Quoting Howard Rheingold in NetSmart she says we need strategies to cope with abundance and distractions such as: crap detection; attention management; collaboration; participation; net know-how; etc.

Referring to Open Education Resources (and MOOCs?) she said that the build-it-and-they-will-come attitude tends to re-advantage those already advantaged and only serves to widen the gap. Access is not enough.

Some guiding principles:

  • leverage local relationships – peer cultures; the warm body effect is important; community based learning labs in libraries (e.g. MOOCs with local guides)
  • everyone can be a teacher – (not just the traditional experts) so peer-to-peer university; everybody can help (e.g. PHONAR); use aggregators; Jim Groom’s and DS106 – digital storytelling – it lets the internet do it
  • meet learners where they are – in interests; peer cultures (e.g. the Walking Dead MOOC)
  • recognise learning in the wild – credentialing such as coders and gamers being recognised in LinkedIn; open badging infrastructure; learning to be more visible and under learner control

She used a three-circle diagram to show that Connected Learning happens at the intersection of three communities: Interests; peer culture; and the academy.
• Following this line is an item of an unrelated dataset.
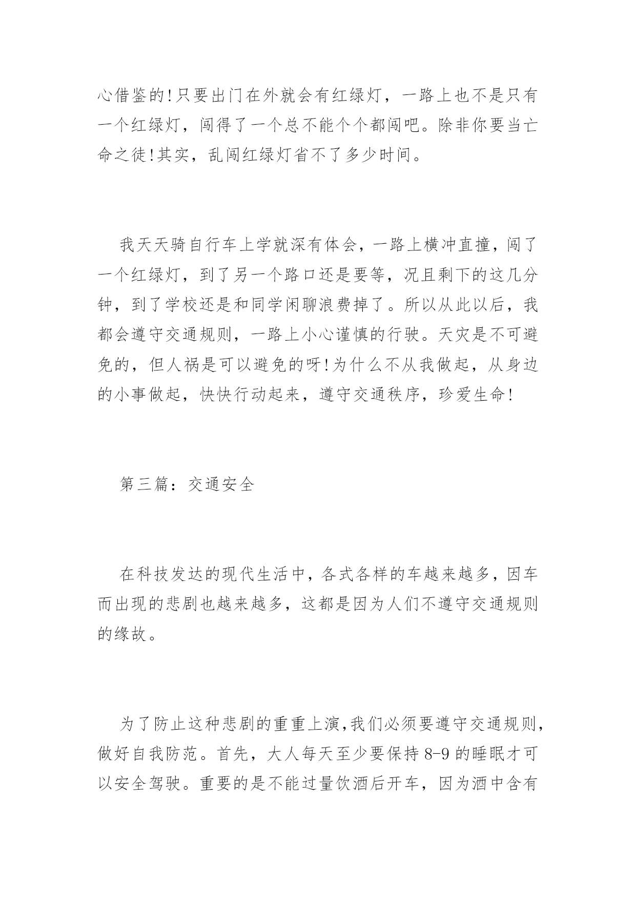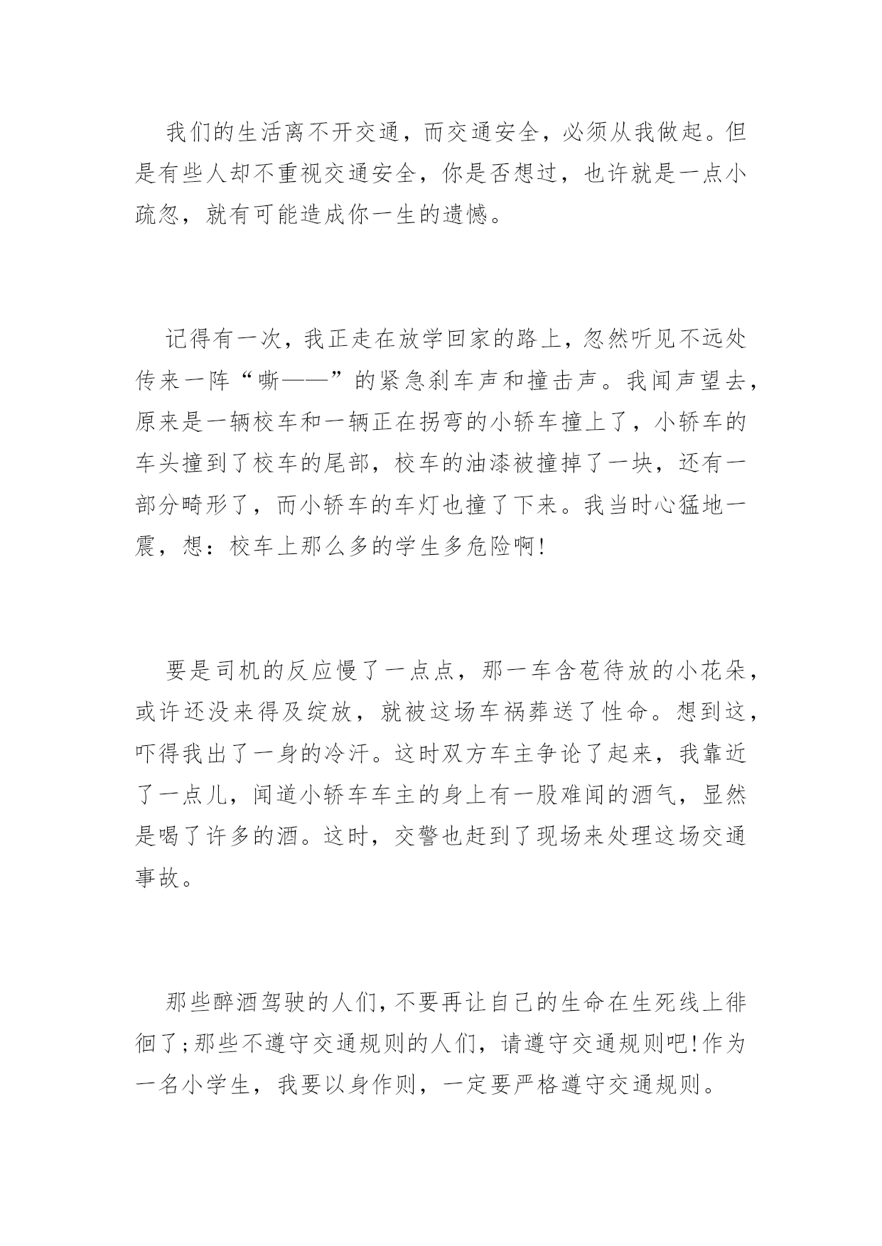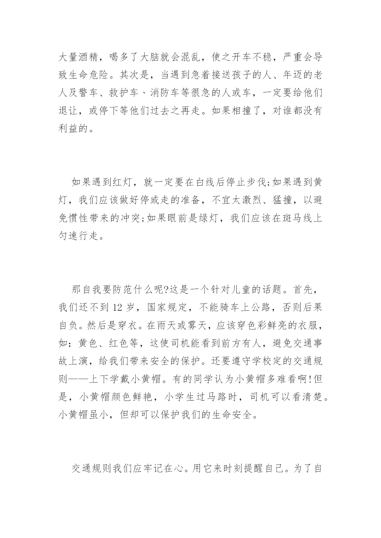 交通安全征文2016年交通安全征文范文交通规则我们应牢记在心。用它来时刻提醒自己。为了自己和他人的安全,我们应遵守交通规则,小编收集了交通安全征文,欢迎阅读。第一篇:交通安全“交通安全”这个词相信大家都很熟悉并不陌生,因为从我们刚会走路到上一年级开始,爸爸妈妈、老师就一直嘱咐我们“注意交通安全”“过马路的时候要左右看”。行走时的一次走神,过马路时的一次侥幸,开车时的一次违章,仅仅是一次小小的疏忽,这一切都会使一个生命转瞬即逝。飞旋的车轮会无情地吞噬掉行人的生命。可是有些同学呢,过马路的时候,看也不看就横冲直撞,好像是要奔赴战场一样;还有一些同学,一边跟其他同学玩,要不然两三个同学飞车比赛,走路时走“S”型,一边过马路,后面来了汽车,按得喇叭很响也不管不顾;还有一些同学就更疯狂了,骑着自行车在马路上绕圈子,走路时走“S”型,把飞驶而过的汽车当成了儿戏。同学们,这种情况对吗?好吗?当然不对,也不好。俗话说的好:“不怕一万,就怕万一!”假如,你冲过马路的那一刻,有一辆车突然从旁边开了过来,你又什么防备也没有,正好对着你,这时的你,能反应过来吗?你瞧,那边有一个小女孩,要过马路,先看看左边有没有车,确认了以后,快速向前走到了两条黄线中间,然后又看了看右边,等到确实没有车以后,他才走到对面;再看,那边那个小女孩,本来已经到了目的地,可是她看到了一个骑车轮车的带着东西掉了,他却不知道,赶快和他说了声,快速帮忙把东西拾起来,把人和车安全地送到了对面,她才露出甜蜜的微笑。交通事故像一个隐形的杀手,潜伏在马路上等待着违章违规的人出现。因此,人们应当学会保护自己,要养成文明行车,文明走路的习惯。看了上面这几则小故事,相信大家也知道了交通安全的重要。当然对于交通文明习惯和素质的培养,应该从每个人每时每刻做起,特别是作为一名行动相对来说缓慢的行人,更应该引起注意。作为一名普通的小学生,遵守交通法规,维护交通秩序是我们应该具备的社会公德。因此,这需要每个公民从自身做起,从小事做起,增强交通文明的意识,才能真正的使其得到改进,才能真正的实现交通安全秩序,才能真正实现和谐的交通环境。第二篇:交通安全交通安全,学校老师讲,校长讲,家里父母讲,我想这四个字大家已不陌生了吧。哦,应该说是听得不耐烦了。可是,我要问一句,这四个字,大家都记在心里了吗?走路不要闯红绿灯,这句话连幼儿园小朋友都知道。可是,又有多少人真正做到了呢?为什么马路要设置红绿灯?不就是为了让交通秩序井然吗?其实遵守交通规则就是对自己的生命负责。我们活着,不仅是为自己而活,更是对关心你、爱护你的人负责。再说,现在我们青少年正处于青春似的年华,为什么我们不能善待生命,开开心心过好每一天?据说,在国外,几乎没有人横穿马路,就算马路上没有汽车,也没有人闯红绿灯。而在中国,横穿马路的人多的是。遵守交通规则还是道德的表现。所以我们要懂得谦让:一条马路上,除了车就是人,只要双方相互忍让,那么我们社会将多么和谐。俗话说:让一步海阔天空。可见,交通安全,无论是生活中还是学习上都是值得大家虚心借鉴的!只要出门在外就会有红绿灯,一路上也不是只有一个红绿灯,闯得了一个总不能个个都闯吧。除非你要当亡命之徒!其实,乱闯红绿灯省不了多少时间。我天天骑自行车上学就深有体会,一路上横冲直撞,闯了一个红绿灯,到了另一个路口还是要等,况且剩下的这几分钟,到了学校还是和同学闲聊浪费掉了。所以从此以后,我都会遵守交通规则,一路上小心谨慎的行驶。天灾是不可避免的,但人祸是可以避免的呀!为什么不从我做起,从身边的小事做起,快快行动起来,遵守交通秩序,珍爱生命!第三篇:交通安全在科技发达的现代生活中,各式各样的车越来越多,因车而出现的悲剧也越来越多,这都是因为人们不遵守交通规则的缘故。为了防止这种悲剧的重重上演,我们必须要遵守交通规则,做好自我防范。首先,大人每天至少要保持8-9的睡眠才可以安全驾驶。重要的是不能过量饮酒后开车,因为酒中含有大量酒精,喝多了大脑就会混乱,使之开车不稳,严重会导致生命危险。其次是,当遇到急着接送孩子的人、年迈的老人及警车、救护车﹑消防车等很急的人或车,一定要给他们退让,或停下等他们过去之再走。如果相撞了,对谁都没有利益的。如果遇到红灯,就一定要在白线后停止步伐;如果遇到黄灯,我们应该做好停或走的准备,不宜太激烈、猛撞,以避免惯性带来的冲突;如果眼前是绿灯,我们应该在斑马线上匀速行走。那自我要防范什么呢?这是一个针对儿童的话题。首先,我们还不到12岁,国家规定,不能骑车上公路,否则后果自负。然后是穿衣。在雨天或雾天,应该穿色彩鲜亮的衣服,如:黄色、红色等,这使司机能看到前方有人,避免交通事故上演,给我们带来安全的保护。还要遵守学校定的交通规则——上下学戴小黄帽。有的同学认为小黄帽多

She described communities on Google+ as connected learning.

BUT: beware of putting a pop-culture veneer on something that not so pleasant, which she described as “chocolate coating broccoli”. Actually, I don’t mind broccoli; I am sure she meant to say cauliflower.

Finishing up, she reminded us that the major challenge in all of this was in getting faculty/teachers/academics on board, not so much the students.